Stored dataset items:

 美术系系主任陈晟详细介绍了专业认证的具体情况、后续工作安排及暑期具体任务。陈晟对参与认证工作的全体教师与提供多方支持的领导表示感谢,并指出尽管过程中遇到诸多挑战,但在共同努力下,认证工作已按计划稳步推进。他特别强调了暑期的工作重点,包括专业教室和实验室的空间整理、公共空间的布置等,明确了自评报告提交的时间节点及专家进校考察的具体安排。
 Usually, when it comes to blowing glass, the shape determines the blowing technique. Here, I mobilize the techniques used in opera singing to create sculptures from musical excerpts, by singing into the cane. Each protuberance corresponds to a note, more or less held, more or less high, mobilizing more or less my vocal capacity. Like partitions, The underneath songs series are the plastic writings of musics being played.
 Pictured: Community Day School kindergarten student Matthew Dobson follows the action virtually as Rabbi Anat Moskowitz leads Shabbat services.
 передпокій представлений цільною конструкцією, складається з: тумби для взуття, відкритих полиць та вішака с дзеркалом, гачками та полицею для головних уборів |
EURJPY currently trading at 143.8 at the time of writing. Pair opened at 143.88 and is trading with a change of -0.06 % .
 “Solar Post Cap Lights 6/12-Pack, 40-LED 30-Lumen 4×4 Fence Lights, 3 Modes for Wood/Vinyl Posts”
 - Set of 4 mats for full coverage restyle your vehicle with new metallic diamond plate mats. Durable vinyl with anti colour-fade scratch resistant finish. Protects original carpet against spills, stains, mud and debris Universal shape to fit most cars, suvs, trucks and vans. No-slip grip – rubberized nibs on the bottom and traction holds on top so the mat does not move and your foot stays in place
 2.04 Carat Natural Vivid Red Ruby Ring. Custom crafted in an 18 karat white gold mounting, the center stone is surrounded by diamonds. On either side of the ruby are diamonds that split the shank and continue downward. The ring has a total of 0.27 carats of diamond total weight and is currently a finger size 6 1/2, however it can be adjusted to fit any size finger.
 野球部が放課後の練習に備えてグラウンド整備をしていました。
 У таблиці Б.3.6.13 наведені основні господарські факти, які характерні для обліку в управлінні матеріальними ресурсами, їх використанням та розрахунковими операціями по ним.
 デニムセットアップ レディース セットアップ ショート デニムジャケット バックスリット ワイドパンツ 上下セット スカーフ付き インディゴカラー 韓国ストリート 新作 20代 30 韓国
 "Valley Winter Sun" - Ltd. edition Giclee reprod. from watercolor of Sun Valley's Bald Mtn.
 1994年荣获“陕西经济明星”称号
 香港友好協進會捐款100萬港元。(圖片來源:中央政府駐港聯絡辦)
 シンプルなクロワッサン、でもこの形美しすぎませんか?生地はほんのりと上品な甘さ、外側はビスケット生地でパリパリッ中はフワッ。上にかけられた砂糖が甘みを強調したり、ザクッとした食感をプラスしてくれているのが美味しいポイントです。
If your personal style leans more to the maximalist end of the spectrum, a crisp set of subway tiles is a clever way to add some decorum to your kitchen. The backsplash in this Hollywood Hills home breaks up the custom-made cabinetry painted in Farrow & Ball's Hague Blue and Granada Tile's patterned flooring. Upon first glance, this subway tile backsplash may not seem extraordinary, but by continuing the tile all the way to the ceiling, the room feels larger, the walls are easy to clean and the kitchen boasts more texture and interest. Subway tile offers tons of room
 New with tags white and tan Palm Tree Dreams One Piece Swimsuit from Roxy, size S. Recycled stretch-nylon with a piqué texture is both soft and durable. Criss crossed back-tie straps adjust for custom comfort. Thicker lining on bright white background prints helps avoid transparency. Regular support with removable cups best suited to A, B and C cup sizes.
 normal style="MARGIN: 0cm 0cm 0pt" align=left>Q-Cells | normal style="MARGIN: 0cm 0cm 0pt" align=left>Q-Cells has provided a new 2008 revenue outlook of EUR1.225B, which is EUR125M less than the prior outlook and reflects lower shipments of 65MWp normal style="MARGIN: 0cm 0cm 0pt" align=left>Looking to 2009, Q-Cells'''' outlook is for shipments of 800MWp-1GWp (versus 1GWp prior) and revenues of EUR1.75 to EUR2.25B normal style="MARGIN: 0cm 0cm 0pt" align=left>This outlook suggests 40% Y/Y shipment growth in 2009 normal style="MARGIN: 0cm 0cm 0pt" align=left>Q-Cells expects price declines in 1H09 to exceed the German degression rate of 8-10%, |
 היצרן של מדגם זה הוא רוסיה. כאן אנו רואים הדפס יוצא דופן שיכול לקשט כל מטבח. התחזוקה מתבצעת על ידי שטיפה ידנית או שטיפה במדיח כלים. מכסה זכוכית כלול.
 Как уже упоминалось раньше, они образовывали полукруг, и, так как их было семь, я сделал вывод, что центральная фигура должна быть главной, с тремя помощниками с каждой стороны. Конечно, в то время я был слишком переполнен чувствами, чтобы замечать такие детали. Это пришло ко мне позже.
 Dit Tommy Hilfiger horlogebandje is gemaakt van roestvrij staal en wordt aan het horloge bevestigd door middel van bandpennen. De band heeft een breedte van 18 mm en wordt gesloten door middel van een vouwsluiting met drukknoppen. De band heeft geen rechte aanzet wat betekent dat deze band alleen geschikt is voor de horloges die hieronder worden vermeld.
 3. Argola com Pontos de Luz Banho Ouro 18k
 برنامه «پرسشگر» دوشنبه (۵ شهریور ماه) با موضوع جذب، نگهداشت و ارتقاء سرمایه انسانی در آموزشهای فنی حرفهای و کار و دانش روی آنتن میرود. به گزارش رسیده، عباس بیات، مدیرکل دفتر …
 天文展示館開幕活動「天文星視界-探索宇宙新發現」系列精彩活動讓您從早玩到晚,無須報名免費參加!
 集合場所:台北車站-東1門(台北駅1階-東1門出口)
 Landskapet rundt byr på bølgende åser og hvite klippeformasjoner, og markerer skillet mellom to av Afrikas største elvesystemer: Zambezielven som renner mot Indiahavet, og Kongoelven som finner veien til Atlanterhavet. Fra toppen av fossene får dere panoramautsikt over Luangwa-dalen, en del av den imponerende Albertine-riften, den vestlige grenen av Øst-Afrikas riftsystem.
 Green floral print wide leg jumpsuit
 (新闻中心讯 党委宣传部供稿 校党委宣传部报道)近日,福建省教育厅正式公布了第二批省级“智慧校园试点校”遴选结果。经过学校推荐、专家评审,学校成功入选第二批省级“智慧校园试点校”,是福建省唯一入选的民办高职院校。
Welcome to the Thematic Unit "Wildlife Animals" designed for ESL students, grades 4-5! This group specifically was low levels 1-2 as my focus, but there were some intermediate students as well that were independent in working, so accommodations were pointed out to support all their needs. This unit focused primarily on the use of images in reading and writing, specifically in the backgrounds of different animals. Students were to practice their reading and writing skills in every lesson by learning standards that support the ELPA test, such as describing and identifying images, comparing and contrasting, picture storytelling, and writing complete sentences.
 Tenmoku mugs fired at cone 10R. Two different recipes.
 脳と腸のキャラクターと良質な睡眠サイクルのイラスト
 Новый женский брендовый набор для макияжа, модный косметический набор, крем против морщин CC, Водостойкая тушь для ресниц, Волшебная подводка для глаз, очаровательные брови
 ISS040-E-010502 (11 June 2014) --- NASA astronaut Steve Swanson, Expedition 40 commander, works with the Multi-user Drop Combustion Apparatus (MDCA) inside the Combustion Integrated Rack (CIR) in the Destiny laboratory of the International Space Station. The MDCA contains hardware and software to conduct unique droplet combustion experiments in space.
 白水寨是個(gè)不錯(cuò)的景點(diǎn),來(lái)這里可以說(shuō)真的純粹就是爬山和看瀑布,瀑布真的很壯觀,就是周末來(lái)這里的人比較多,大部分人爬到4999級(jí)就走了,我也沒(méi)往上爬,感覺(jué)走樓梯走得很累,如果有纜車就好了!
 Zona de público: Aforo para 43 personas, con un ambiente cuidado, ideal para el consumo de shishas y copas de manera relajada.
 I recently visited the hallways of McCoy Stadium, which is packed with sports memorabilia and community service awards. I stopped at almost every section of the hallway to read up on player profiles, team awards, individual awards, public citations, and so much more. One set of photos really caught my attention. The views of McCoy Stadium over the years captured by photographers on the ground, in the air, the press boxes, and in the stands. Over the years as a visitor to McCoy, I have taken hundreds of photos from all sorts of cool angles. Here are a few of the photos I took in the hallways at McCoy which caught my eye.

» **WHAT TO DO**
In the records above, find every line that contains the word "currently" and copy it.

» **ANSWER TO THIS PROBLEM**
EURJPY currently trading at 143.8 at the time of writing. Pair opened at 143.88 and is trading with a change of -0.06 % .
 2.04 Carat Natural Vivid Red Ruby Ring. Custom crafted in an 18 karat white gold mounting, the center stone is surrounded by diamonds. On either side of the ruby are diamonds that split the shank and continue downward. The ring has a total of 0.27 carats of diamond total weight and is currently a finger size 6 1/2, however it can be adjusted to fit any size finger.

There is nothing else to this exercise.